Известно, например, что Вахтангову как актеру тоже мешала саморежиссура, и он боролся с ней, владея системой Станиславского, системой перевоплощения в образ.

Я не ошибся, сказав, что у Михоэлса мы видели воплощение образа, а не перевоплощение в образ. Актер как бы изымал себя из образа. Но, разумеется, когда мы говорим о довольно сильном рационалистическом начале в творчестве Михоэлса как актера, мы не можем забыть об огромном темпераменте, ему присущем, об его особом умении в иных случаях оправдывать психологически рационально намеченный режиссерский рисунок.

Если в поисках обратного жеста или приспособления мысль Михоэлса опережала чувство, то в процессе воплощения образа актер как бы догонял своим чувством то, что видел внутренним оком, еще не зажив в роли. Можно себе {51} представить, какая катастрофа ждет того артиста, который, будучи лишен огромного интеллектуального темперамента Михоэлса, вздумает пойти его дорогой.

Путаница в этих вопросах методологии актерского мастерства и порождает толчею на месте, о которой я говорил. Она уводит нас от прямых целей и задач нашей национальной школы.

На Западе мы видим ту же разноголосицу и ту же толчею, но только на «западной почве». Сейчас большую популярность имеют теоретические высказывания одного из талантливейших драматургов и режиссеров — Бертольта Брехта.

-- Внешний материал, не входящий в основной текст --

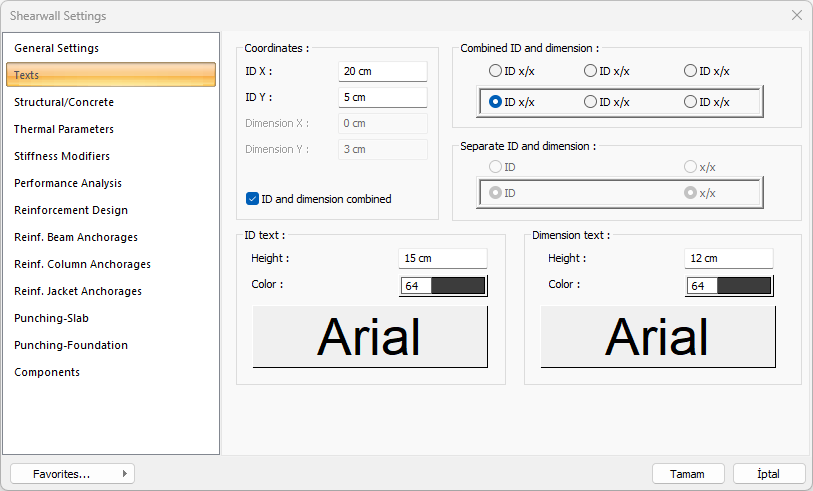 ID X/ID Y ![]() X and Y coordinates of the shearwall Name text are entered according to the upper left (if the text is on the shearwall) or the lower corner (if the text is inside the shearwall). If the X value is positive, the text moves from the edge to the right, and if negative, it moves to the left. If the Y value is positive, the text will scroll up, and if it is negative, the text will scroll down. The directions specified here should be considered according to the viewing direction. If the name and size are printed together, the letters are placed according to these coordinates. |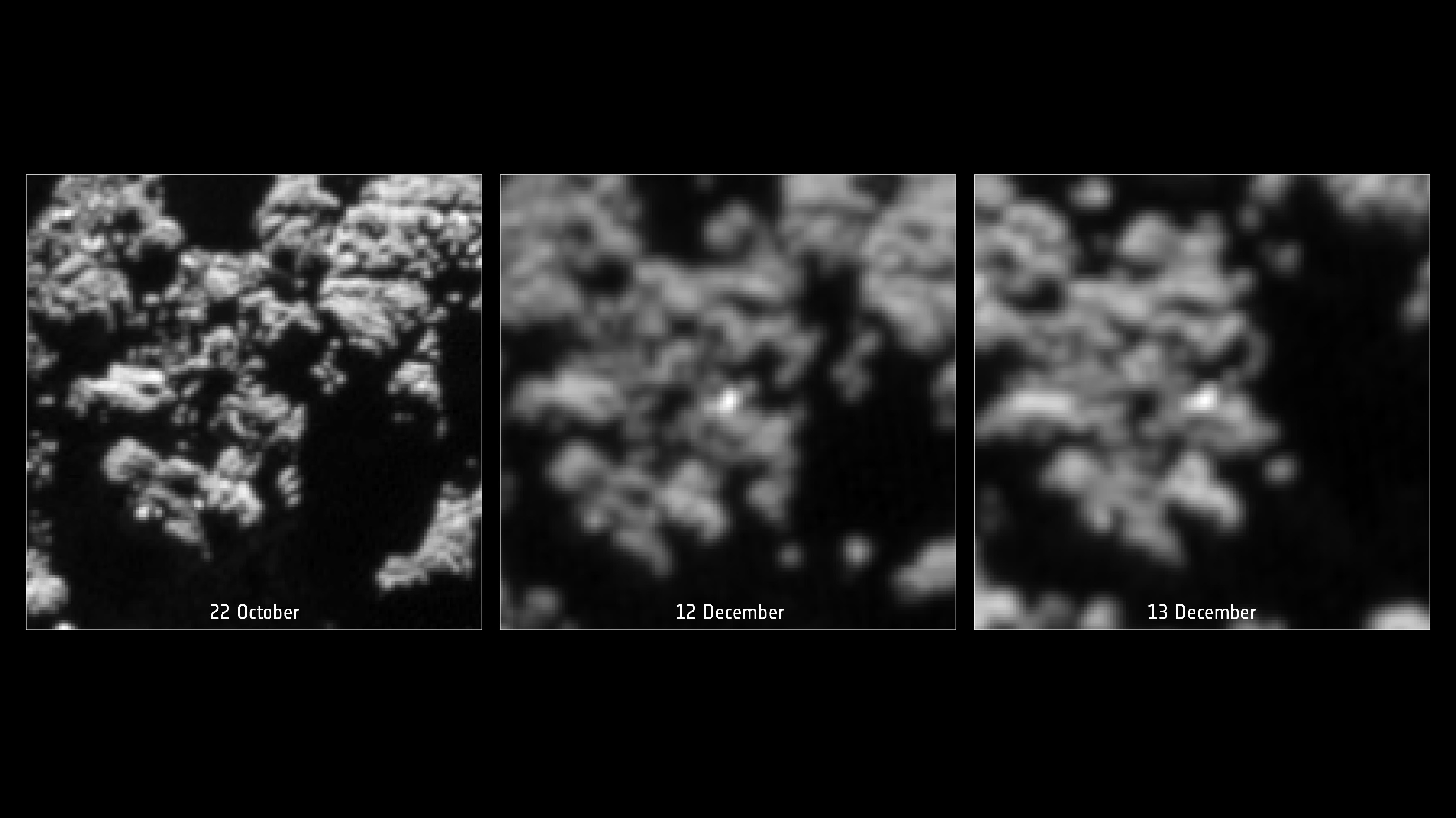 Allerdings lässt sich nicht mit Sicherheit sagen, ob diese Vermutung tatsächlich zutrifft. Wegen der vergleichsweise langen Zeitspanne, welche zwischen den ‚Vorher‘- und den ‚Nachher‘-Aufnahmen verstrichen ist, könnte dieses Objekt auch auf eine rein physikalisch bedingte Veränderung direkt auf der Kometenoberfläche – etwa die zwischenzeitlich erfolgte Freilegung von ‚frischem‘ Material – zurückzuführen sein. Die geringe Sonneneinstrahlung an dieser Stelle macht derartige Veränderungen zwar unwahrscheinlich, jedoch keineswegs unmöglich.

Брехт призывает актера к рационализму. Он утверждает, что актер только тогда завоюет зрителя, когда станет в позицию беспристрастия по отношению к персонажу, которого играет: актер не должен ни выражать ему сочувствия, ни делаться прокурором своего образа. Брехт характеризует актера как объективного свидетеля происходящего на сцене, считает, что если актер, не обнаруживая никакой заинтересованности в событиях, будет лишь точно свидетельствовать, как свидетельствуют на суде, давая свои показания, то такая позиция вызовет наибольшее доверие зрителя к актеру. А это и требуется в театре, резюмирует Брехт.

Некий зритель, остро воспринимавший происходящее на сцене, до глубины души взволнованный им, настолько забылся, что убил актера, игравшего злодея. Были поставлены два памятника, на которых сделали надписи: «Самому замечательному актеру» и «Самому замечательному зрителю». Бертольта Брехта в одинаковой степени не устраивает ни такой идеальный актер, ни такой идеальный зритель. Ни тот ни другой, с его точки зрения, не должен отдаваться чувству в драматическом спектакле.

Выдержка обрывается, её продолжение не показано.